Пока он спускался к реке, на душе немного полегчало: пора приниматься за дело, оно не ждёт! Поход в новгородские земли закончился полной удачей. Рать новгородцев не только не вышла против княжича Глеба и старого Святослава в смоленские земли, но не смогла защитить и своих земель, отдав на гибель Торжок и много сел по приволжским рекам. Суздальцы взяли в плен несчётные толпы ратников и умелых семейственных мужиков с их бабами и детьми. Такими князь с давних пор заселял безлюдные земли в своём уделе и, прежде всего, Московское порубежье. Теперь захватили пленных так много, что ещё в Торжке не хватало еды и воинов для охраны. Однако Юрий решил увести их к Московскому порубежью всех - и ратников с мужиками, и особенно баб с детьми.

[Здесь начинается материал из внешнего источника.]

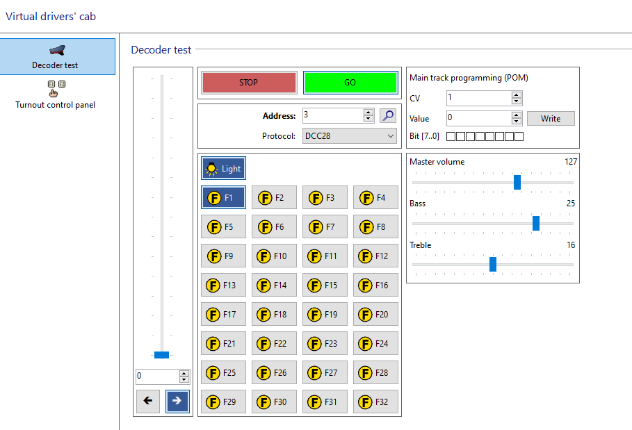 この機能は、E社の仕様とインターフェース互換としているため、LokProgrammer 5.2.5のBass・Trembleのトラックバーを使って運転中にSmileSoundの調整が可能です。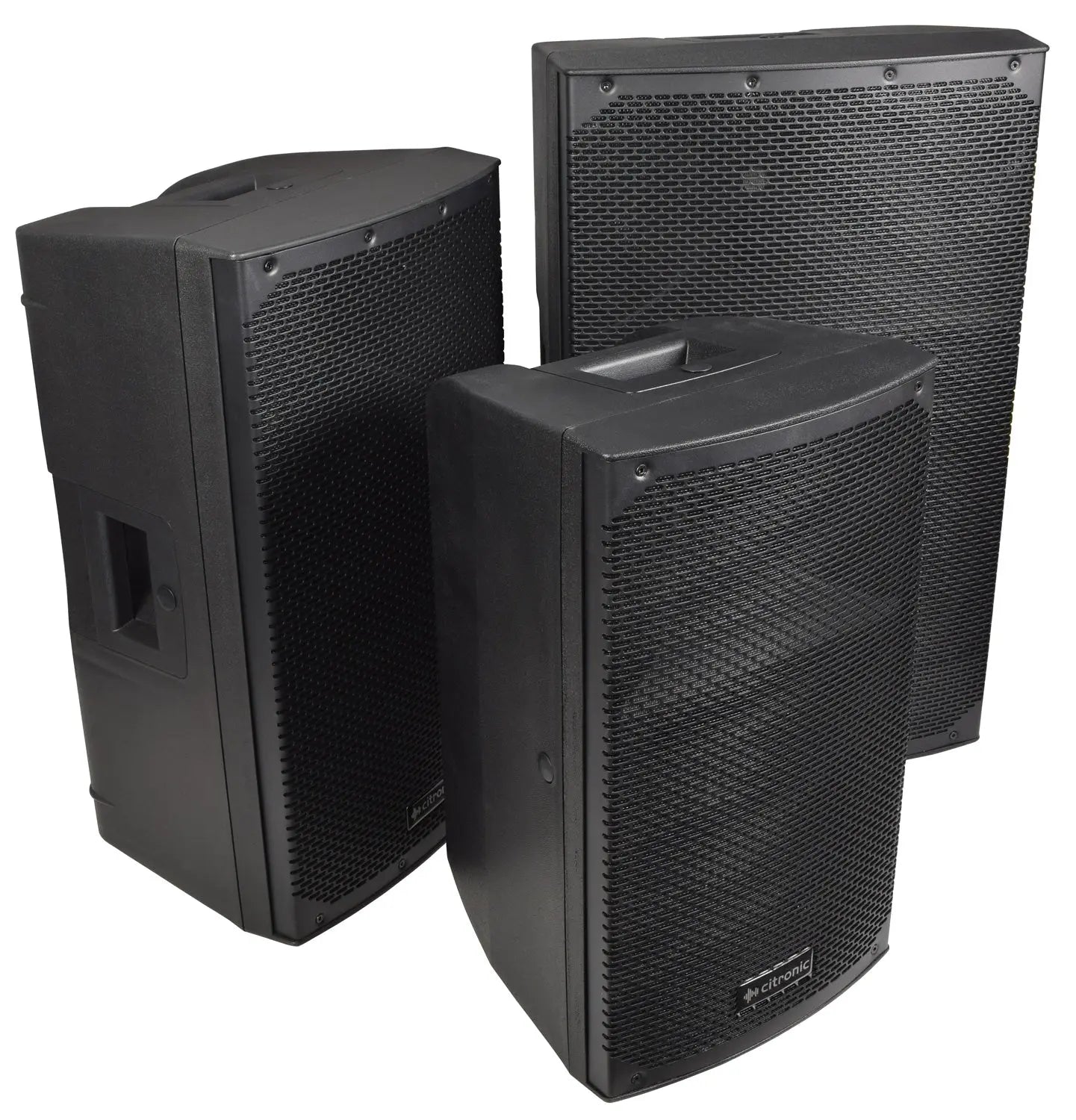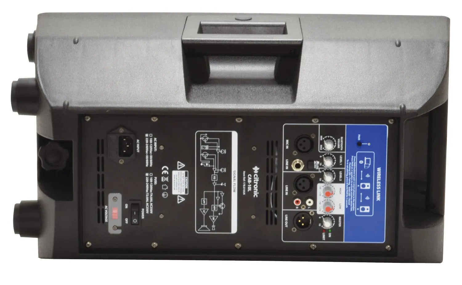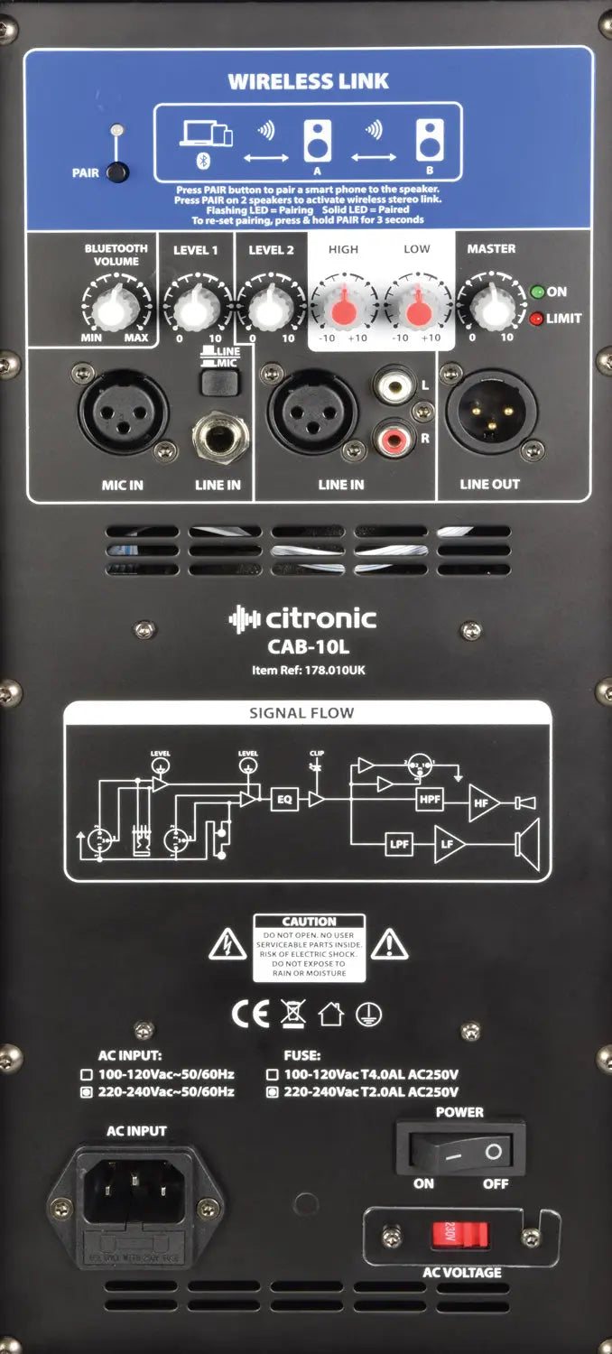 Active PA speakers with BT wireless connection and stereo link capability, housed in a compact and lightweight moulded PP enclosure. Custom designed low and high frequency drivers are powered by a digital amplifier circuit for powerful and energy-efficient performance. A switchable Mic/Line input and separate Line input are provided along with a Bluetooth receiver for playback from a smart phone or tablet. The BT section also has a link function which allows wireless connection to another CAB series speaker to form a stereo pair (Bluetooth signal only). Maximum sound output with minimal size, weight and setup time.

- Где бабы, - сказал он Андрею, - там умножается род человеческий. Помни об этом и делай так.
Но пленных ратников в этот раз ему пришлось отпустить. И отпустил он их не по добру, не по сердцу, а по расчёту хитрого разума: об этом его попросило само Новгородское вече. Новгородцы послали в Торжок ходатаем преподобного Нифонта с мудрой и слёзной речью. Знаменитый по всей Руси новгородский архиепископ Нифонт прибыл в разграбленный, покрытый пеплом Торжок в самой скромной, великопостной одежде. Он поклонился Юрию и сказал:
- Князь Юрий Суздальский, сын Мономахов! Господа ради, помилуй воинов и людей Великого Новгорода! Смилуйся над виновными, коли есть вина, уложи свой гнев и уйми свой меч! Угаси огонь распрей во имя мира на всей земле Русской!
Юрий выслушал речь архиепископа стоя, потом и сам склонился перед ним.

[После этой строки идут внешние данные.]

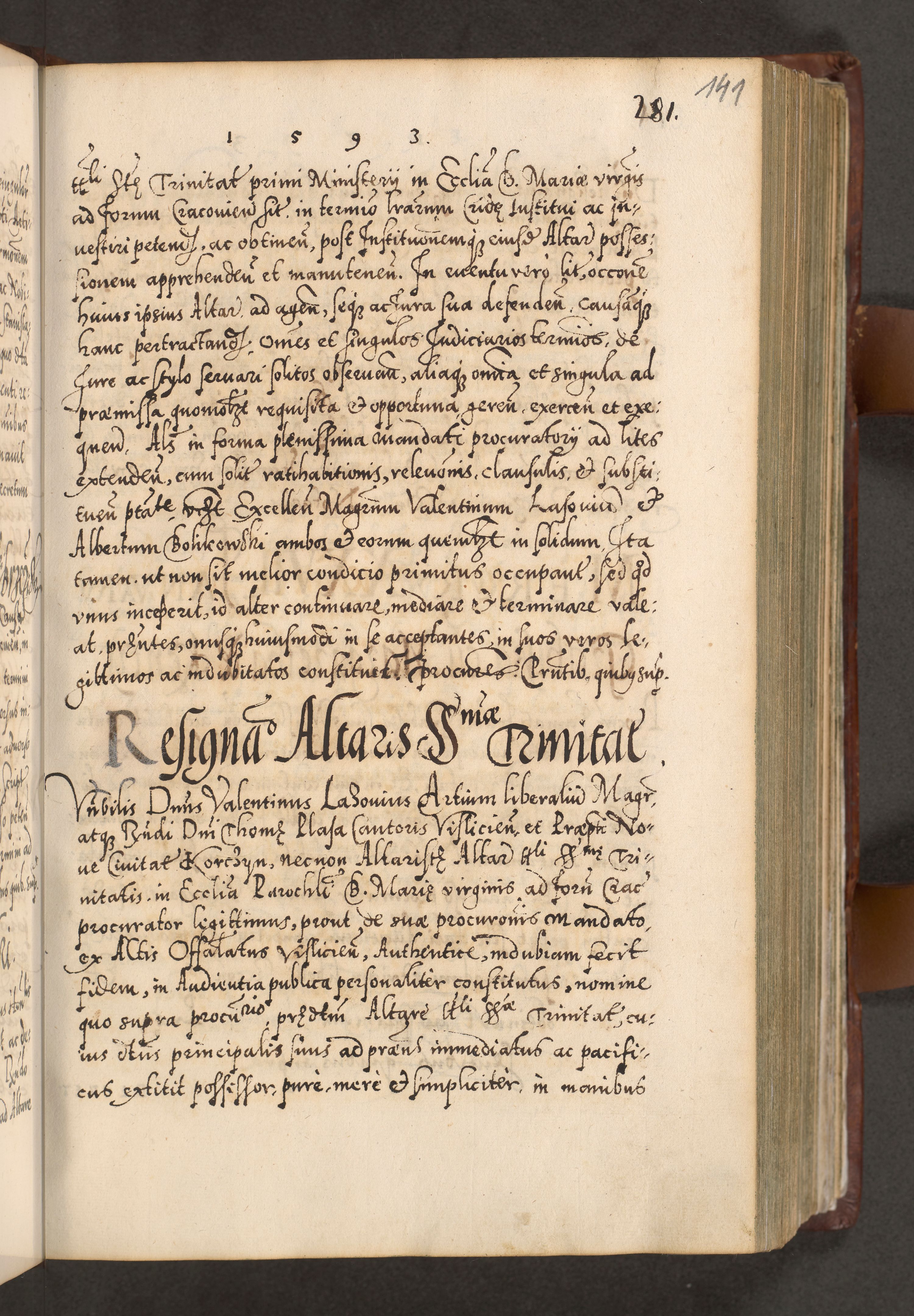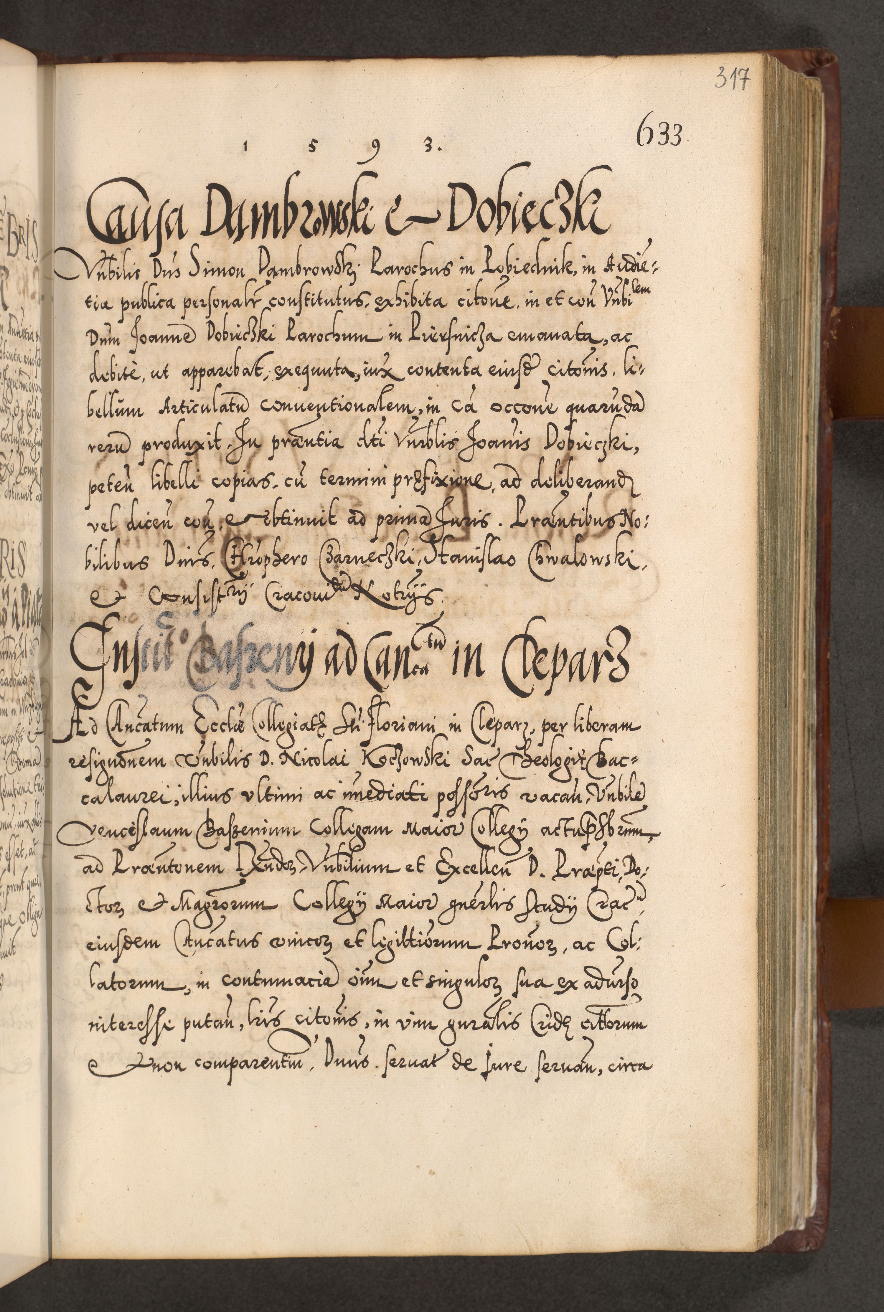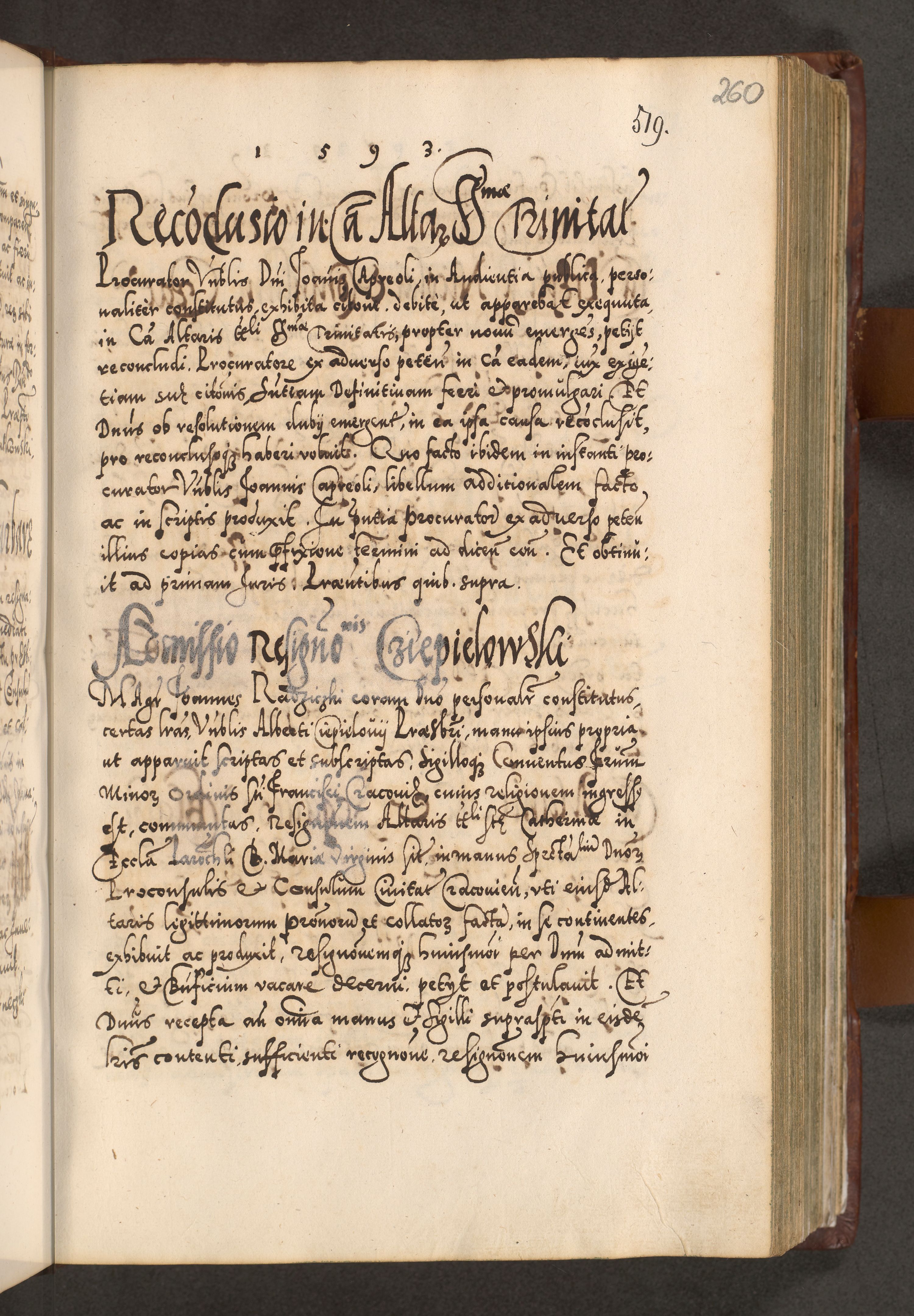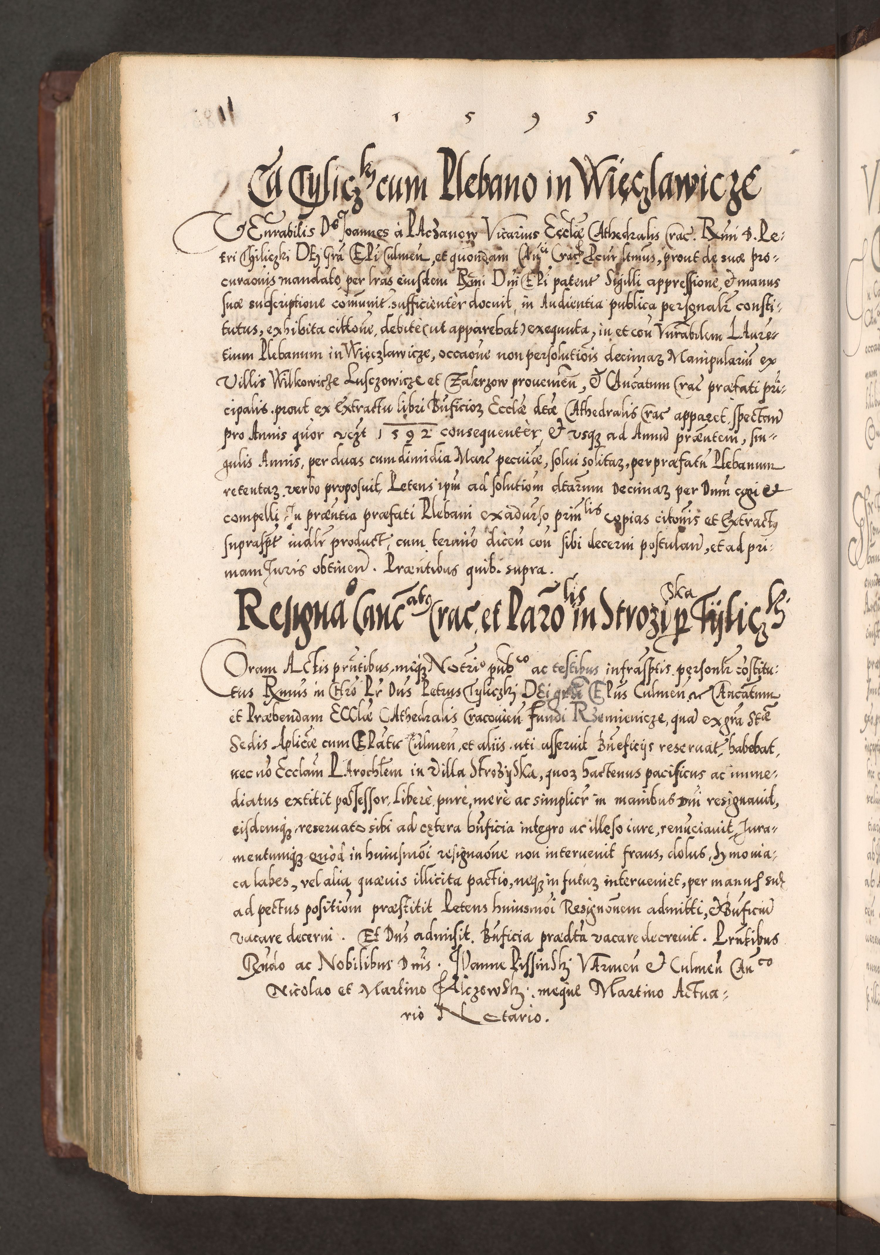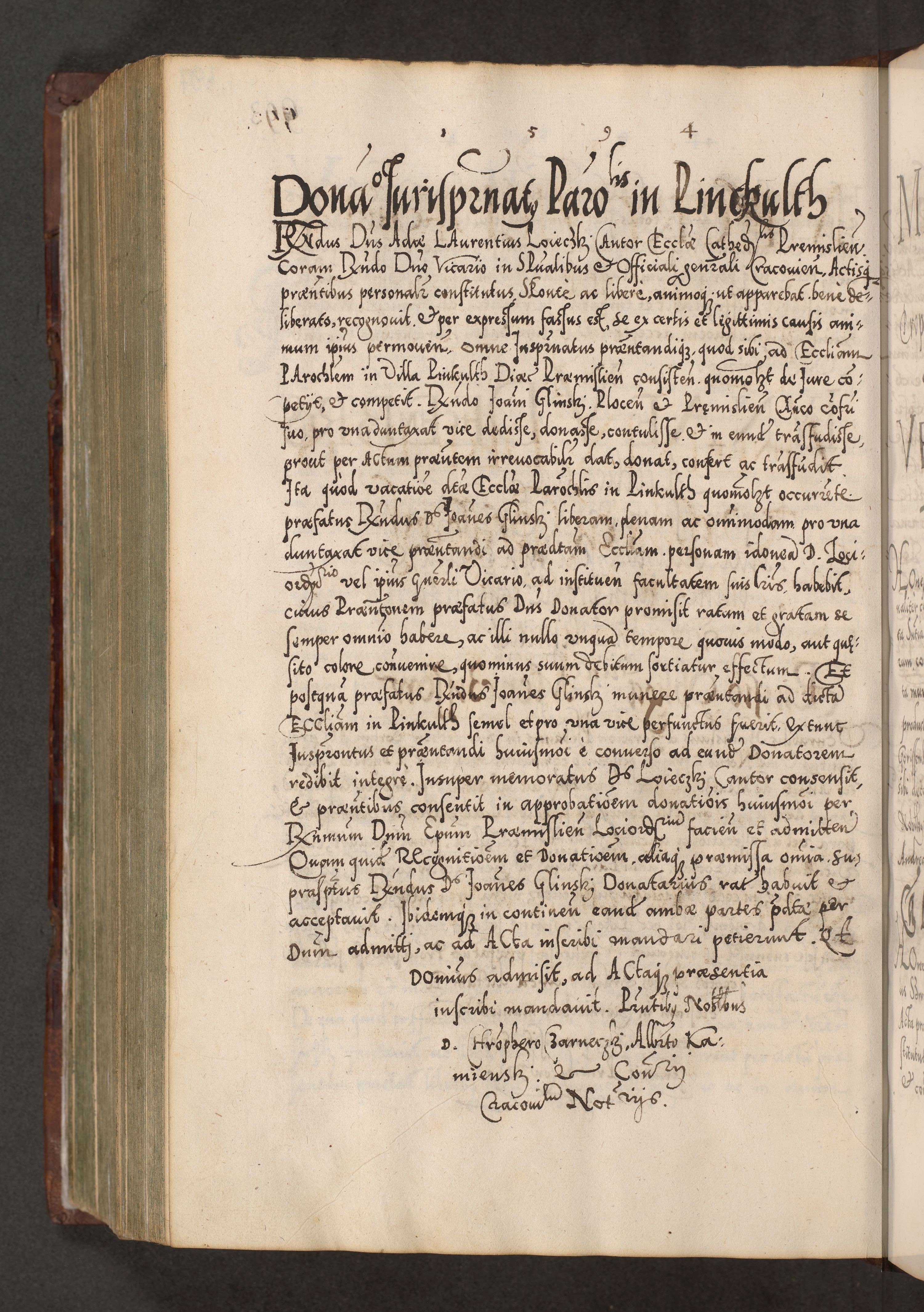 Illistrissimo et revedissimo in Christo Patre Domino Domino Georgio Rzadziwił Miserone Divina Sacrostae R. E. Tituli S. Sixti Presbitero Cardinali Duce in Olyka et Niesswiesz ad Gubernacula Ecclessiae Cracoviensis cuius administratorialem a Sancta Sede Apostolica obtinverat feliciter sedente. Acta actorum, causarum, sententiarum tam deffinitivarum quam interloquutoriarum decretorum, obligationum, quietationum, recognitionum, constitutionum procuratorum etc. coram Reverendo Domino Stanislao Crassinskz de Crasne Archidiacono Cracoviensis, Scholastico Gnesnesis, Custode Plocensis etc. Vicario et Officiali Generali Cracoviensi in Ano Domini Millesimo Quingentesimo Nonagesimo Primo cuius indictio quarta pontificatus SS. Domini Nostri Gregorii XIIII Anno I psius prio feliciter incipiut

И это он делал тоже с расчётом: епископ Нифонт был славен, мудр и полезен князю. Долгорукий надеялся через Нифонта наконец-то добиться почтенья и дружбы от самовластных новгородских бояр. Расчёт Долгорукого заключался ещё и в том, чтобы использовать имя и силу Нифонта и новгородских бояр для главного замысла: скорее спихнуть своего племянника Изяслава с киевского «стола». Для этого он пытался использовать и власть патриарха-грека, сидевшего в Царьграде, и славу Нифонта, и бояр новгородских.

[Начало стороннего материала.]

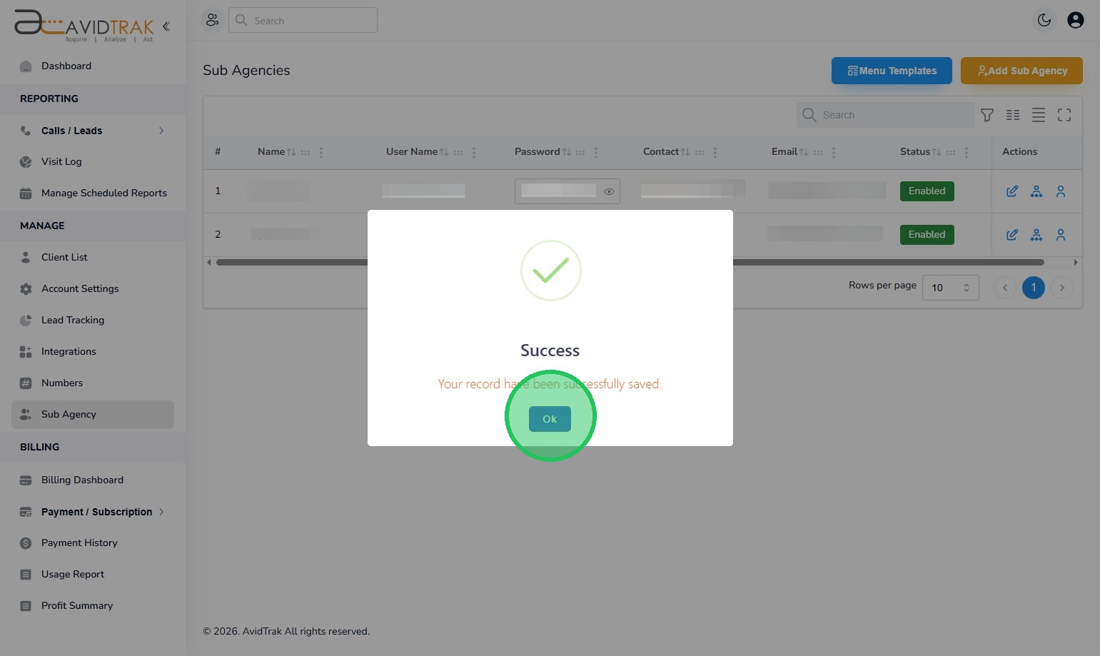 10. This completes the tutorial on How to Enable or Disable a Sub-Agent User Account. If you face any difficulty in implementing these instructions or have questions related to this feature, please do not hesitate to email support@avidtrak.com

Но и великий князь Изяслав, внук Владимира Мономаха, был дальновиден, умён не меньше, чем Юрий. В его дружине были отряды наёмных рыцарей в панцирях и забралах. В палатах толкались монахи-католики и другие ловцы человеческих душ - в надежде, прежде всего, овладеть душой великого князя. А князь Изяслав хорошо понимал, что веру в силу Запада Русь не примет. Надо ловить человечьи души собственной, русской сетью. И главное - надо выбить из дядиных рук такое оружие, как поддержка византийского патриарха, волю которого Изяслав стал чувствовать всё сильнее, особенно после побега хитрого Святослава. Поэтому он раньше и твёрже Юрия пошёл на рискованный, чреватый бедами шаг выгнал из Киева грека-митрополита, главу всей церкви, сподобленного на то патриархом царьградским. Выгнал, сказав, что не хочет терпеть не только измены, пользуясь которой сбежал князь Ольгович, но и того, что церковь велит ему, Изяславу, править Киевом и другими уделами по духовной указке греков, благоволящих к Юрию Суздальскому - по родству с императором Византии.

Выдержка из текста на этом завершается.